Task brief:
The part below that opens with the line containing "VIEWS! VIEWS! VIEWS!" and closes with the line containing "Womens Multicoloured Geometric" should be copied exactly, minus any pictures.

Exercise inputs:
+ + +

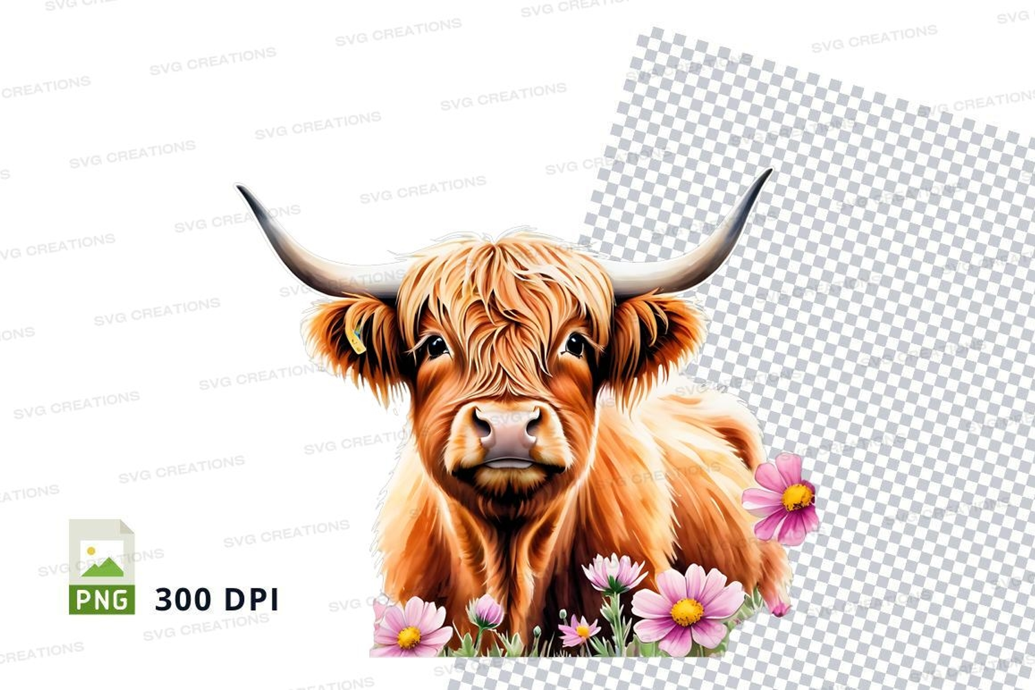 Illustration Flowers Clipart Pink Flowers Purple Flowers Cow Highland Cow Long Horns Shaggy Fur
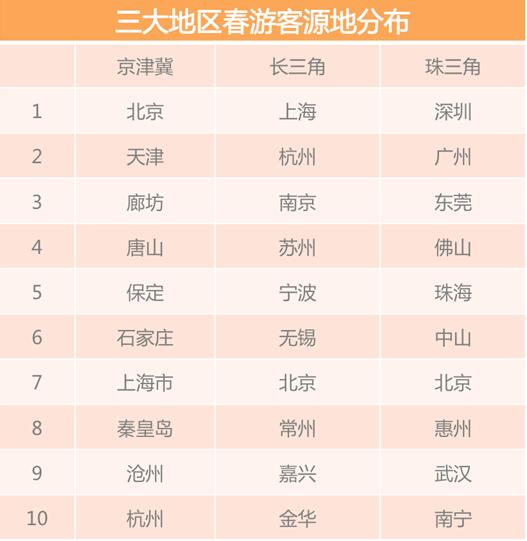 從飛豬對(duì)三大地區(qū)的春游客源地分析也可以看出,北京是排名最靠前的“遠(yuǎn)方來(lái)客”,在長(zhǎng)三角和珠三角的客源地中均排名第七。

+ + +

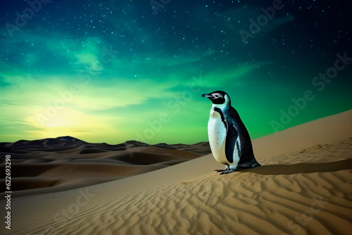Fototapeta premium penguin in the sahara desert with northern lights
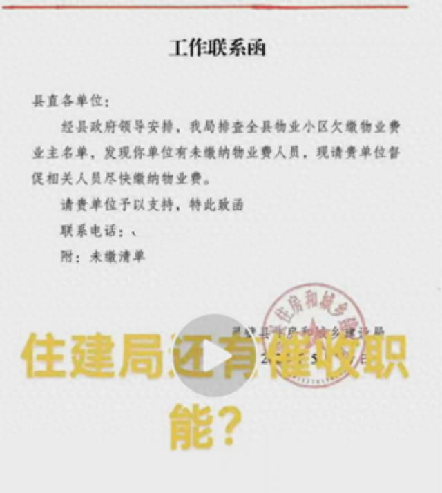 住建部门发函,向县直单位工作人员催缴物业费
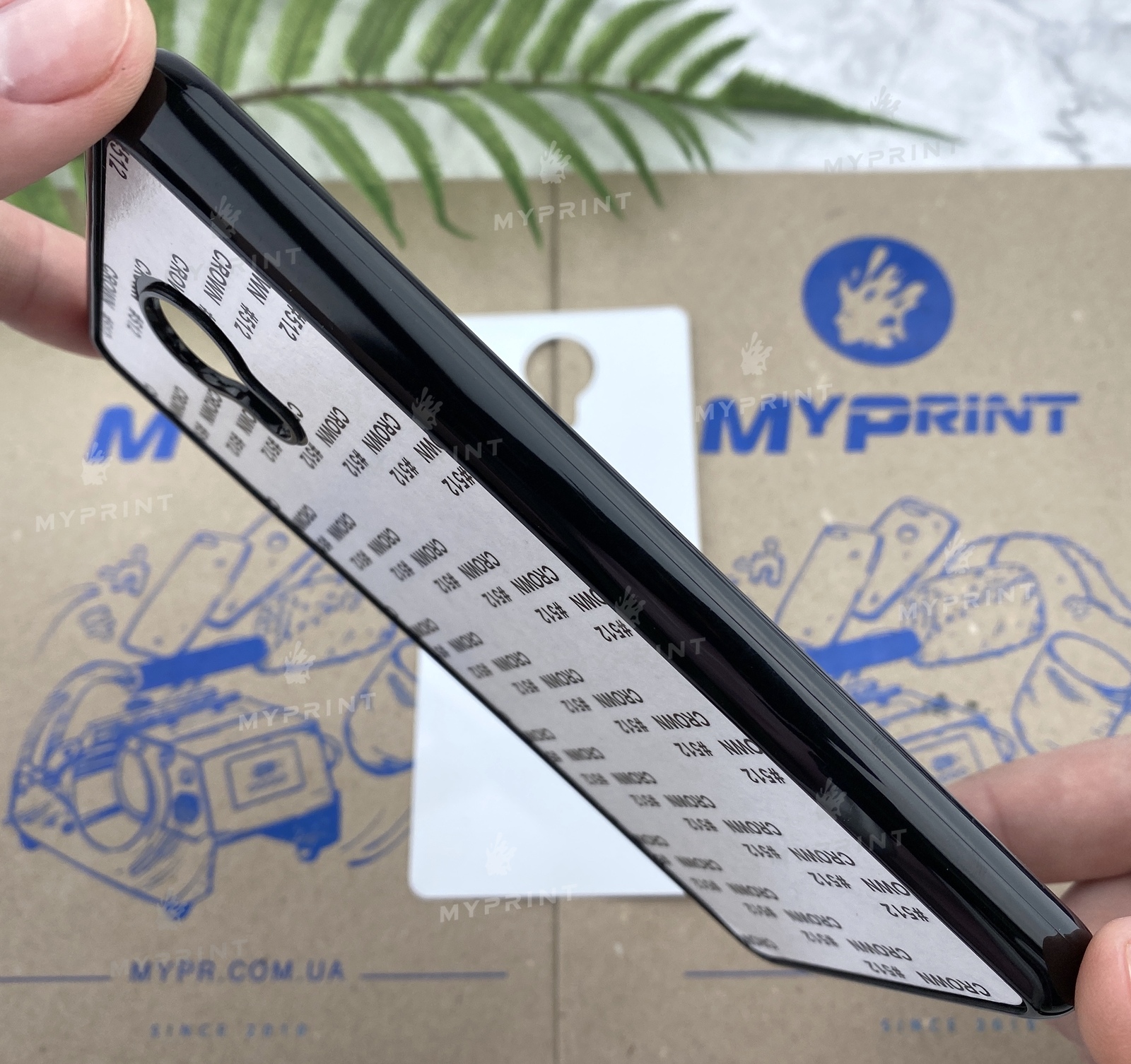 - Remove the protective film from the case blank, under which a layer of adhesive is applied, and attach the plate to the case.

+ + +

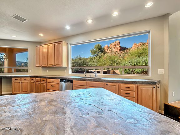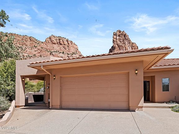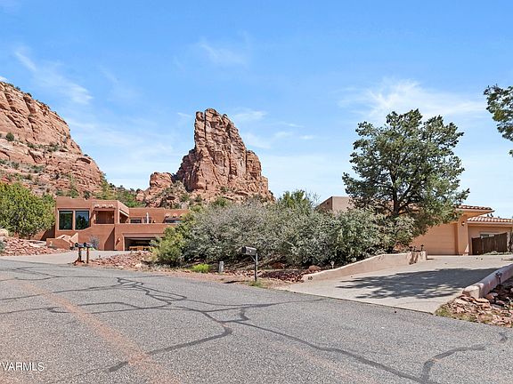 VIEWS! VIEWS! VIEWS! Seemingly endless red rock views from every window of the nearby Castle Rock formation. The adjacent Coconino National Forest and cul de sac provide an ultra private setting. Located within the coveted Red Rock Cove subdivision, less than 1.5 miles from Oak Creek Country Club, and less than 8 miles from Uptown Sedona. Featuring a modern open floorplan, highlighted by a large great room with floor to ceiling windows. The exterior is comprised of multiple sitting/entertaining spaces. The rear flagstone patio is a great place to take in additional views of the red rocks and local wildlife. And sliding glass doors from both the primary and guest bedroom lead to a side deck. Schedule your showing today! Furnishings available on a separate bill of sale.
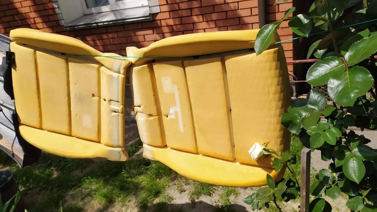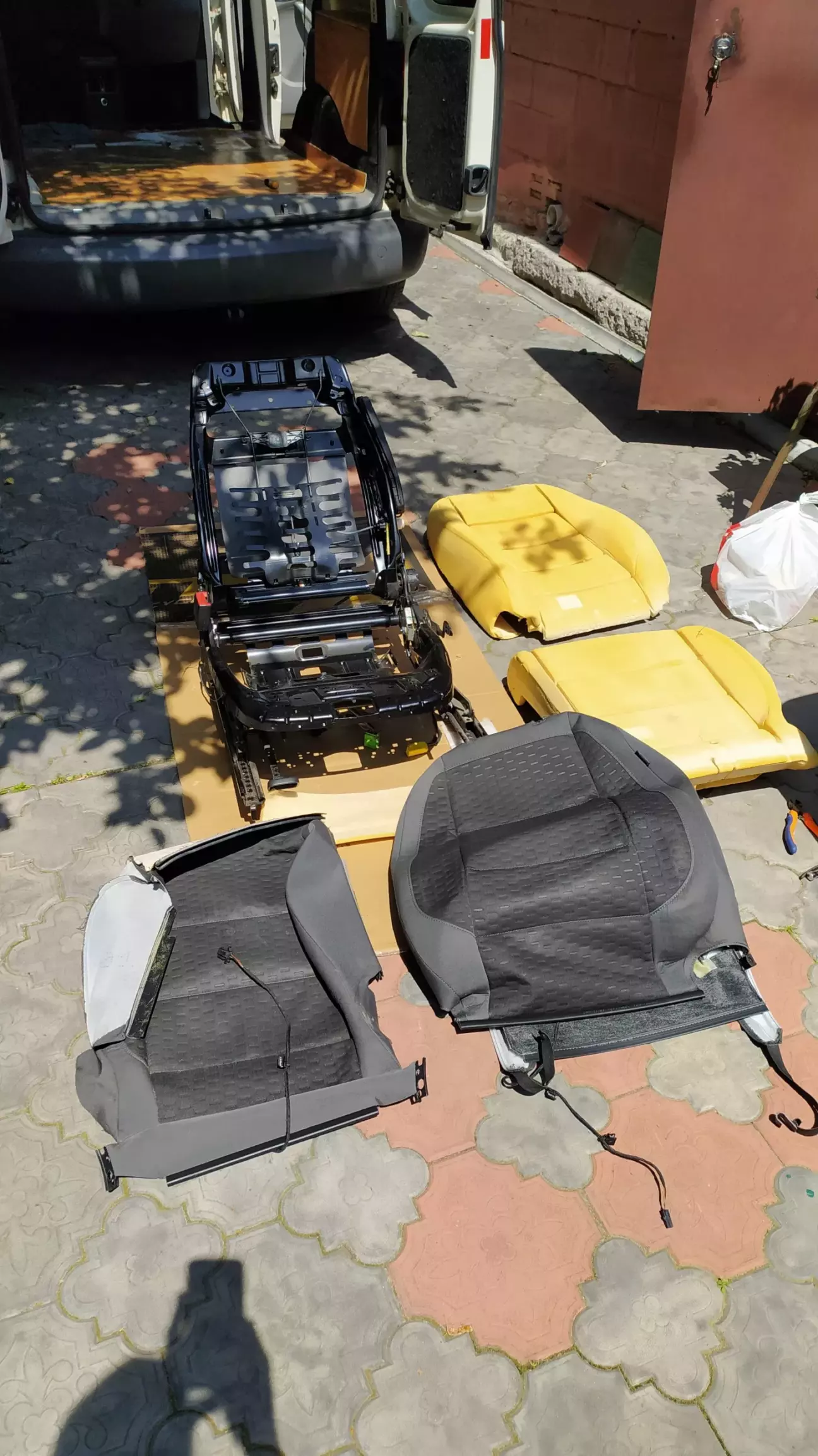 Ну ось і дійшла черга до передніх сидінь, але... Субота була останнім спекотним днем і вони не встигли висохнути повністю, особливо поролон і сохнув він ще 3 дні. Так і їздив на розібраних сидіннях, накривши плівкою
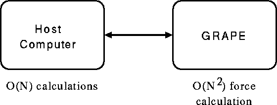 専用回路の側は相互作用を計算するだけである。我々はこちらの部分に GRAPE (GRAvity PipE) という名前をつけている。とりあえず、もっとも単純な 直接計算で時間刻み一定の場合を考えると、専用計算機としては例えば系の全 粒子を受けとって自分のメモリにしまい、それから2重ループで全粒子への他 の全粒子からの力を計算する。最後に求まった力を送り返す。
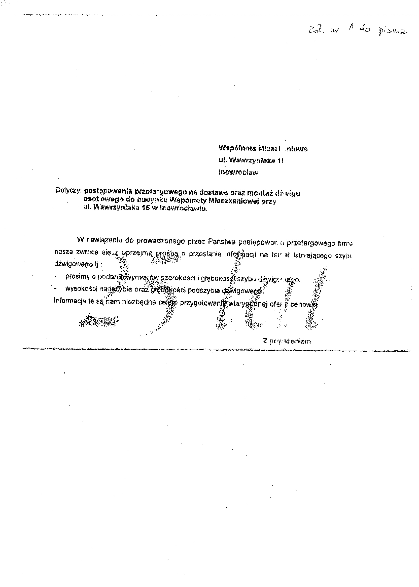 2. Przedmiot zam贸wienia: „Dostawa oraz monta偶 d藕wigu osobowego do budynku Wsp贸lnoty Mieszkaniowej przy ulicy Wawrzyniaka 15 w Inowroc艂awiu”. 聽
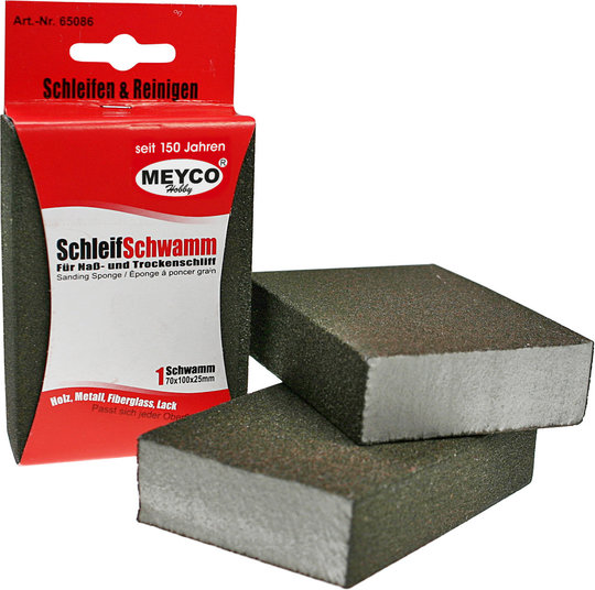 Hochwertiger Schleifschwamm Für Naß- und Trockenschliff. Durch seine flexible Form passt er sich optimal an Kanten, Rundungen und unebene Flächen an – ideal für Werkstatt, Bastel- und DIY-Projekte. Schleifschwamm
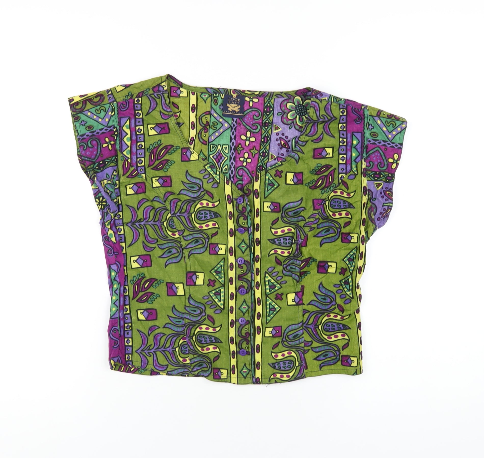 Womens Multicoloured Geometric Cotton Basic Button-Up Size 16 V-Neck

+ + +

Task response:
 VIEWS! VIEWS! VIEWS! Seemingly endless red rock views from every window of the nearby Castle Rock formation. The adjacent Coconino National Forest and cul de sac provide an ultra private setting. Located within the coveted Red Rock Cove subdivision, less than 1.5 miles from Oak Creek Country Club, and less than 8 miles from Uptown Sedona. Featuring a modern open floorplan, highlighted by a large great room with floor to ceiling windows. The exterior is comprised of multiple sitting/entertaining spaces. The rear flagstone patio is a great place to take in additional views of the red rocks and local wildlife. And sliding glass doors from both the primary and guest bedroom lead to a side deck. Schedule your showing today! Furnishings available on a separate bill of sale.
 Ну ось і дійшла черга до передніх сидінь, але... Субота була останнім спекотним днем і вони не встигли висохнути повністю, особливо поролон і сохнув він ще 3 дні. Так і їздив на розібраних сидіннях, накривши плівкою
 専用回路の側は相互作用を計算するだけである。我々はこちらの部分に GRAPE (GRAvity PipE) という名前をつけている。とりあえず、もっとも単純な 直接計算で時間刻み一定の場合を考えると、専用計算機としては例えば系の全 粒子を受けとって自分のメモリにしまい、それから2重ループで全粒子への他 の全粒子からの力を計算する。最後に求まった力を送り返す。
 2. Przedmiot zam贸wienia: „Dostawa oraz monta偶 d藕wigu osobowego do budynku Wsp贸lnoty Mieszkaniowej przy ulicy Wawrzyniaka 15 w Inowroc艂awiu”. 聽
 Hochwertiger Schleifschwamm Für Naß- und Trockenschliff. Durch seine flexible Form passt er sich optimal an Kanten, Rundungen und unebene Flächen an – ideal für Werkstatt, Bastel- und DIY-Projekte. Schleifschwamm
 Womens Multicoloured Geometric Cotton Basic Button-Up Size 16 V-Neck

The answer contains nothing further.